March 9: Mansfield introduces movement to brand the Civil Rights Act the Senate'south pending business and debate begins.
March 26: Senate votes to make H.R. 7152 pending business, 67-17.
May 26: Mansfield and Dirksen submit a "clean neb" as substitute for H.R. 7152.
June eight: Mansfield and Dirksen file cloture motion.
June 9-x: Senator Robert Byrd delivers the longest speech communication against the civil rights bill, speaking for 14 hours and 13 minutes.
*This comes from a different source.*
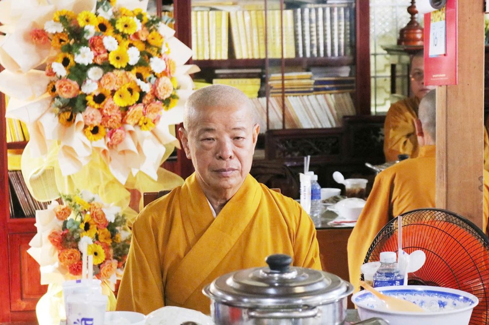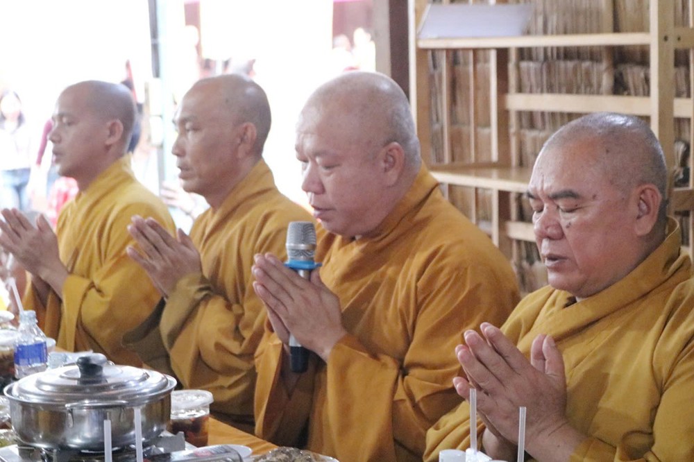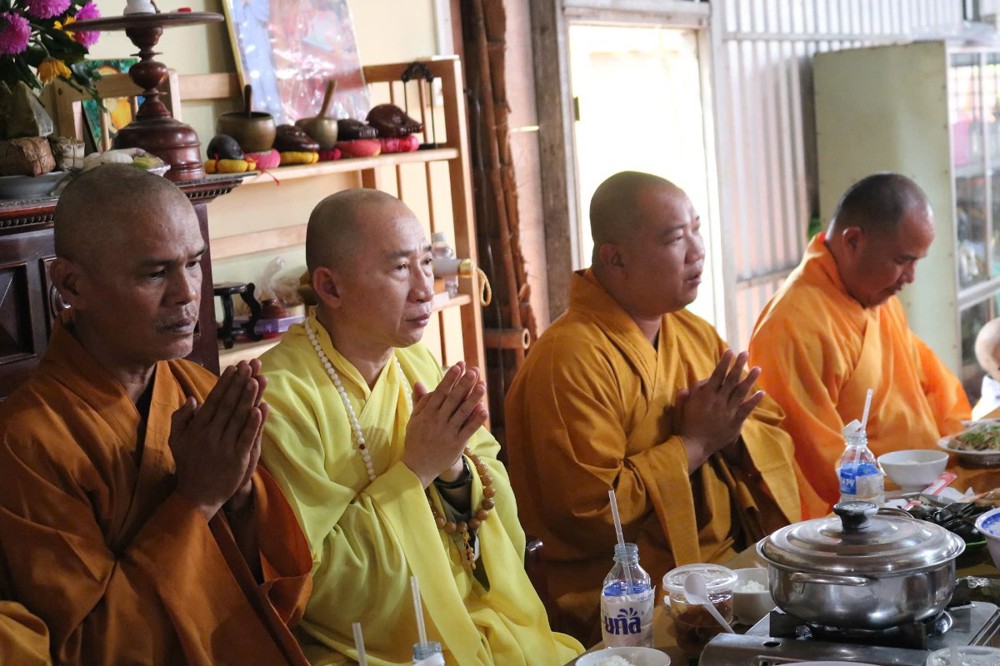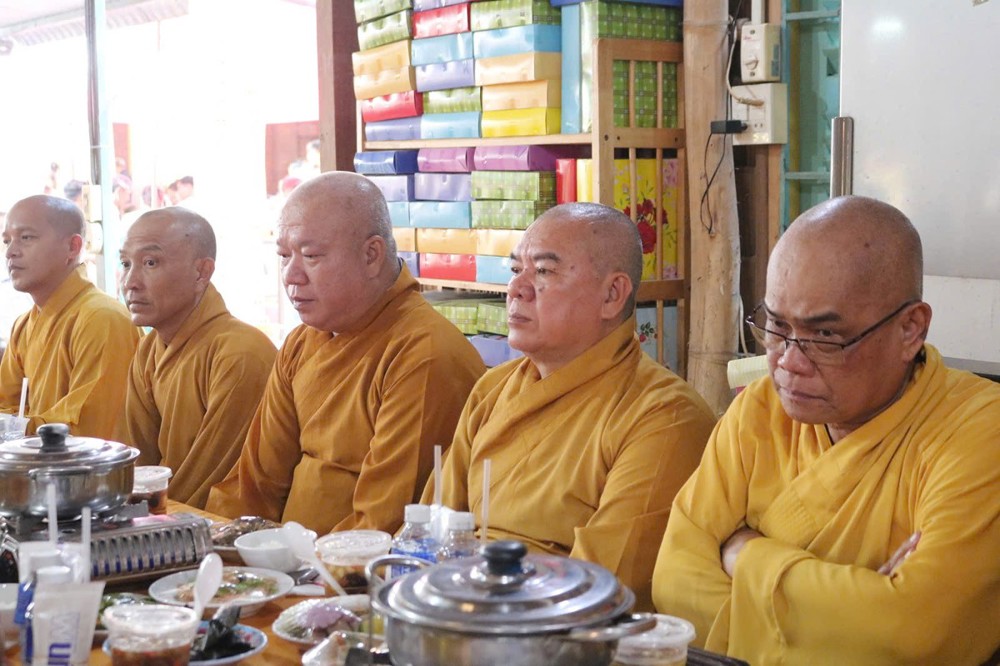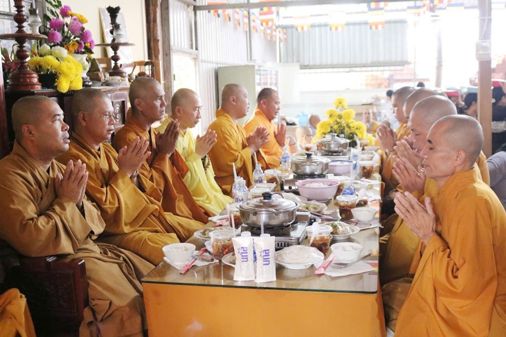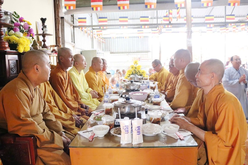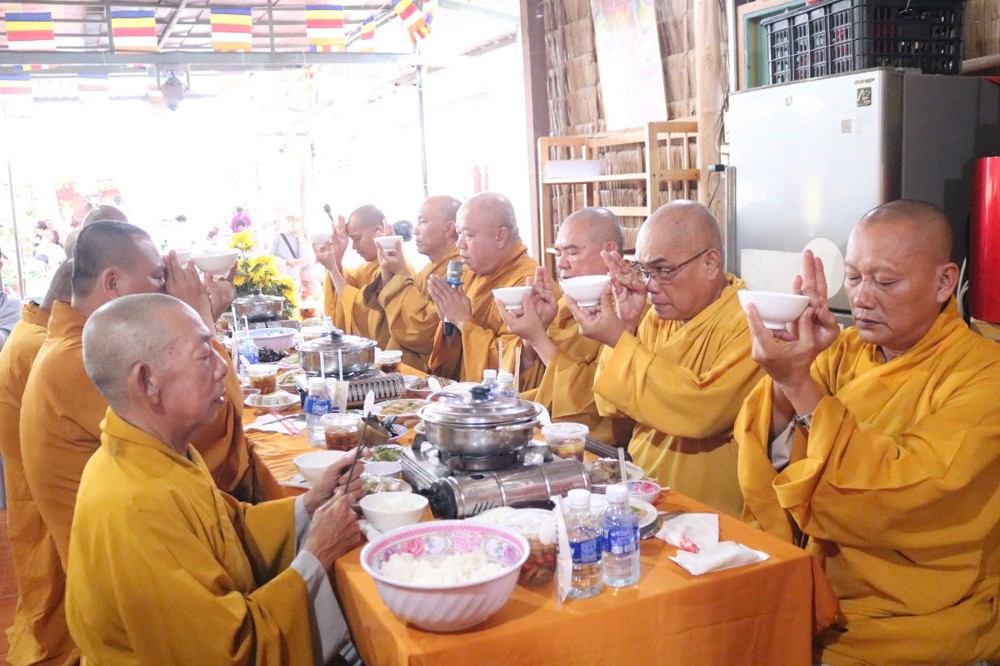 Sau lời đạo từ của Hòa thượng chứng minh, TT.Thích Tâm Khiết - Phó trưởng Ban kiêm Chánh Thư ký BTS GHPGVN tỉnh Vĩnh Long chủ trì thực hiện nghi thức cúng Quá đường và thọ trai trong chánh niệm tỉnh giác.

June 10: For the first fourth dimension since Rule XXII was established in 1917, the Senate approves cloture on a civil rights bill, with a vote of 71-29. Everett Dirksen offers a memorable speech in back up of the neb. Quoting Victor Hugo, he declares, "Stronger than all the armies is an idea whose time has come up."
June 17: Senate adopts the Mansfield-Dirksen substitute bill with a coil call vote of 76-18.
June xix: Senate approves the Civil Rights Act of 1964.
July 2: House approves Senate bill, fugitive conference committee, and President Johnson signs Civil Rights Human action into law.